# Session 1 - Data representation from text

In this session, we will learn the basics of data representation. You will discover several techniques to represent a document into something that a model can process—learning from the primary count vectorizer to the more complex Tfidf, their differences, and what makes each of them better for a specific use case. We will also cover some data cleaning approaches to avoid treating noise or unnecessary information in our observations.

Keywords: *tokenization*, *stop words*, *feature representation*, *count vectorizer*, *tfidf*, *regex*, *feature selection*

## Overview of the project and the data
This project stage focuses on building a classification model to assign a company to its industry using the company description scraped online. We will be discovering how to represent the information to be understood by the machine quickly and find the best method to gain accuracy. You will develop an independent pipeline that will take text as input and give you the closer industry related to your input information during this stage.

Let's first look at the dataset that we will be using during this whole course using a famous library called [Pandas](https://www.educba.com/what-is-pandas/):

In [13]:
#Let's import the library
import pandas as pd #We define an alias for future usage of the library
import re #We will use regex to clean our text
from collections import Counter

In [None]:
#We will import and read our dataset using pandas
dataset = pd.read_csv("")

In [None]:
#Let's now read look at a sample of the data
dataset.head()

There are **2** features in this dataset:
The name of the company
The description of the company. We assumed that we cleaned this text, so no unnecessary information is present in the text. If you want to learn more about this step of cleaning data, refer to stage 1 of this course.

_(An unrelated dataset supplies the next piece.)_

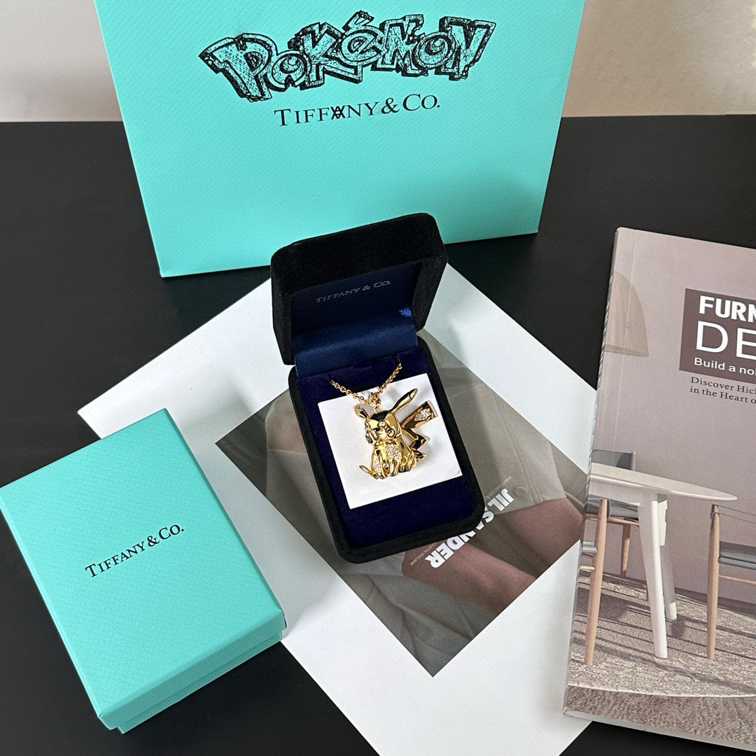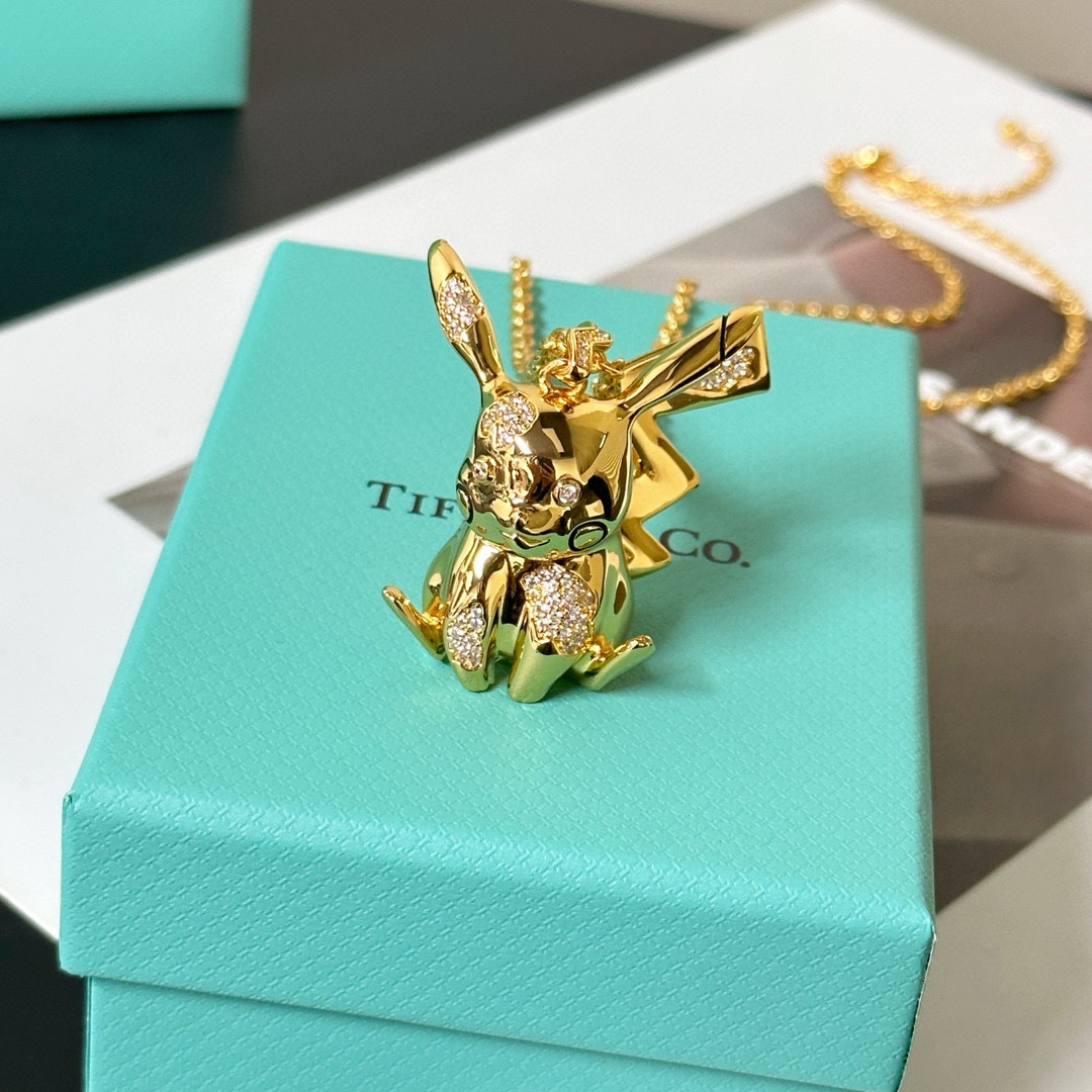 NIGO Tiffany & Co. Arsham Studio & Pokemon Co-Branded Collection Men's & Women's Black & Gold Pikachu Pikachu Necklaces Jewelry #nigo98154

We still have unnecessary information stored in this text. To remove it, we filter and clean the text using regular expressions. Short for regular expression, a regex is a string of text that allows you to create patterns that help match, locate, and manage text.

Here is an example:

![Regular expression](https://www.computerhope.com/jargon/r/regular-expression.gif)

In our case, we don't want to use numbers or special characters because this information can be utilized in any industry and doesn't seem to be a strong marker of knowledge. Let's look at a simple example for the description of Apple

In [3]:
description = '''
Apple Inc. is an American multinational technology company that specializes in consumer electronics, computer software, and online services. Apple is the world's largest technology company by revenue (totaling $274.5 billion in 2020) and, since January 2021, the world's most valuable company. As of 2021, Apple is the world's fourth-largest PC vendor by unit sales,[9] and fourth-largest smartphone manufacturer.[10][11] It is one of the Big Five American information technology companies, along with Amazon, Google, Microsoft, and Facebook.[12][13][14]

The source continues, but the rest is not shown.